● THE TASK: An exact copy is needed of the lines in the entries below from the line with "The resistor network in" up to and including the line with "16.某种物质发射的三种射线在图8所示的磁场中分裂成①、②、③三束。那么在这三束射线中,带正电的是 ,带负电的是 ,不带电的是", and of nothing else. Leave the pictures out.

● SUPPLIED MATERIAL:
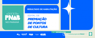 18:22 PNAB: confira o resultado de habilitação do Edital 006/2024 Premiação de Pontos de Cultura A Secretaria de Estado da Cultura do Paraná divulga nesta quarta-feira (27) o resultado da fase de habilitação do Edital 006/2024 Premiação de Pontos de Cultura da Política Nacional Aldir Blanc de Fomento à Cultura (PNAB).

...

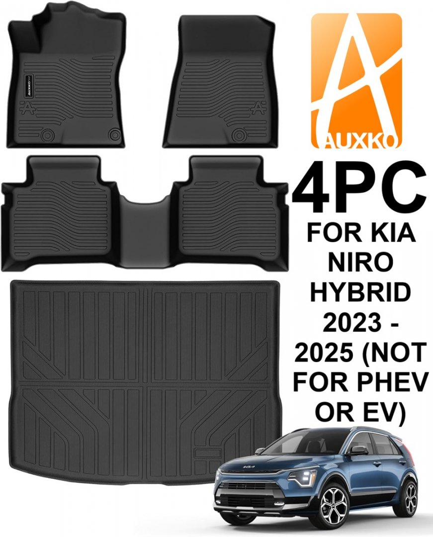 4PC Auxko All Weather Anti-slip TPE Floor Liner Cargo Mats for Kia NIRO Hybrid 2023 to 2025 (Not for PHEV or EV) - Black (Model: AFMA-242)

--

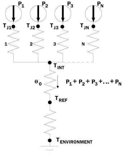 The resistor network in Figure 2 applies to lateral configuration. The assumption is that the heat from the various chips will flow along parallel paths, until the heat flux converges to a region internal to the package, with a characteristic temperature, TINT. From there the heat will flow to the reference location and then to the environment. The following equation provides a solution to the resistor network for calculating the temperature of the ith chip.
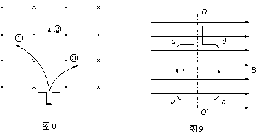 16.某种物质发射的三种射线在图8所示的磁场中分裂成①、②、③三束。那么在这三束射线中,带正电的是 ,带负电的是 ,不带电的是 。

● ANSWER:
 The resistor network in Figure 2 applies to lateral configuration. The assumption is that the heat from the various chips will flow along parallel paths, until the heat flux converges to a region internal to the package, with a characteristic temperature, TINT. From there the heat will flow to the reference location and then to the environment. The following equation provides a solution to the resistor network for calculating the temperature of the ith chip.
 16.某种物质发射的三种射线在图8所示的磁场中分裂成①、②、③三束。那么在这三束射线中,带正电的是 ,带负电的是 ,不带电的是 。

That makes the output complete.